Marcus J. Carney
Univ Vienna; Northeastern Univ; Masaryk Univ Brno; Univ Witten-Herdecke;
Letting Go. The Form of Mourning.
Threnos in antiquity was understood as the activity of mourning. S. Freud dichotomised mourning with melancholia, entangling both in libido. A. and M. Mitscherlich took this up in the 1960s for the German people post Holocaust as their “inability to mourn”. J. Ruesen tried “Trauer” in this context again in the 1990s as “mourning humaneness”, bloating its abstraction.
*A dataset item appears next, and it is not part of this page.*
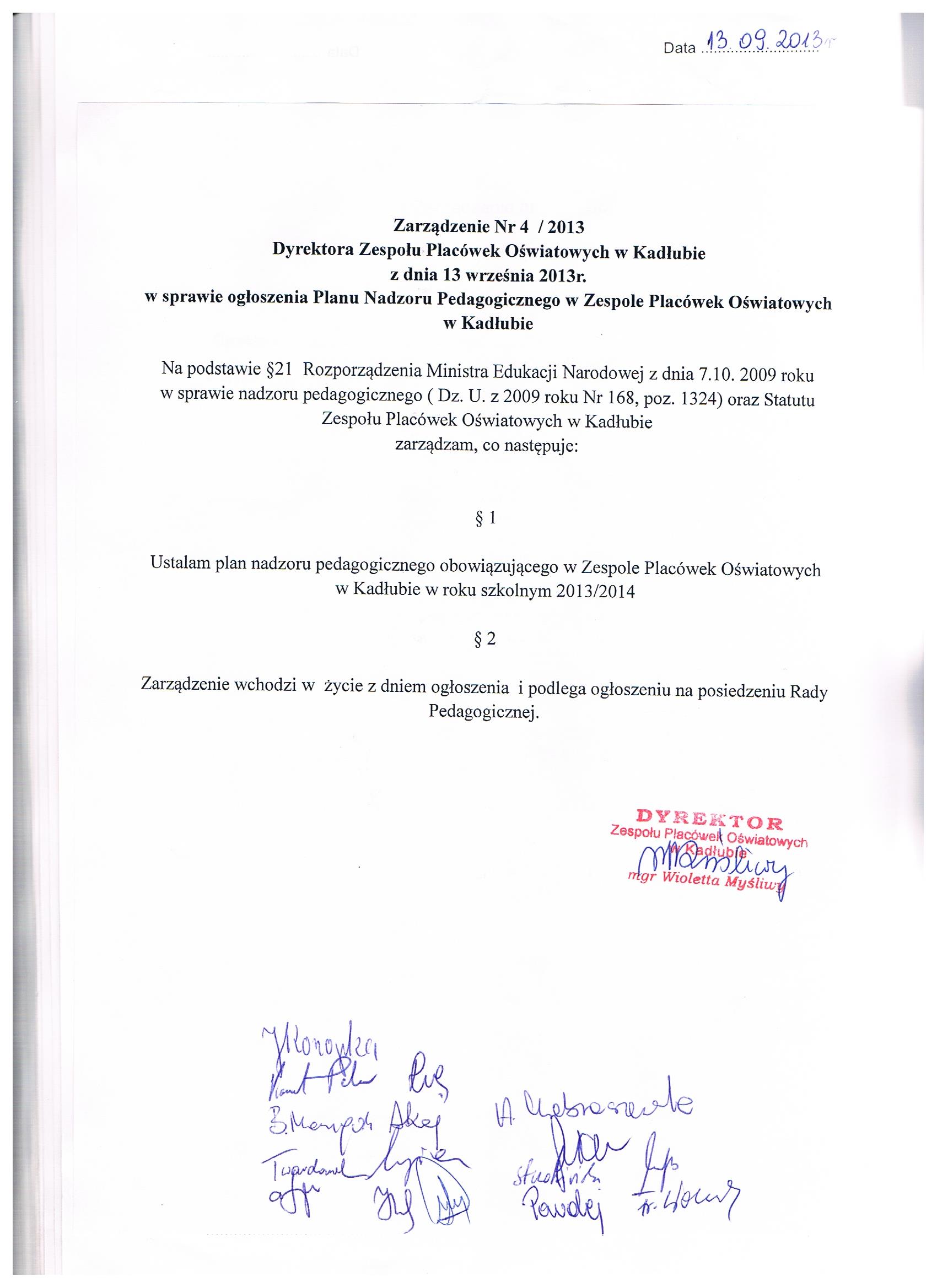 Zarządzenie Nr 4/2013 Dyrektora Zespołu Placówek Oświatowych w Kadłubie z dnia 13 wrzesień 2013 roku ogłoszenia Planu Nadzoru Pedagogicznego w Zespole Placówek Oświatowych w Kadłubie

While M. Rothberg introduced the notion of “implicated subject” to the field/s of historical violence and injustices to modify R. Hilberg’s perpetrator-victim-bystander triad in 2019, the German “Historikerstreit 2.0” was raging, but not about Rothberg’s “implication”, yet about his 2009 concept of “multidirectional memory”, wherewith he demonstrated how the Holocaust had enabled the articulation of other histories of victimisation at the same time that it had been declared "unique" among human-perpetrated horrors, while uncovering the more surprising fact that public memory of the Holocaust emerged in part thanks to postwar events that seemingly had little to do with it. A particular [German] insistence on the uniqueness of the Holocaust seems to function as local, differentiation-hostile veneer and global delayer of fruitful, actually teachable distinctions, instead presenting an inability of letting go all over again, by not re-entering the form of mourning, therefore continually confusing memory with threnody. This contribution aims to decline “Trauer” (mourning) within the Form.
U.S.-Austrian lecturer, researcher, facilitator, filmmaker; with particular interest in epistemological implications and practical consequences of what has been called “representational perception”.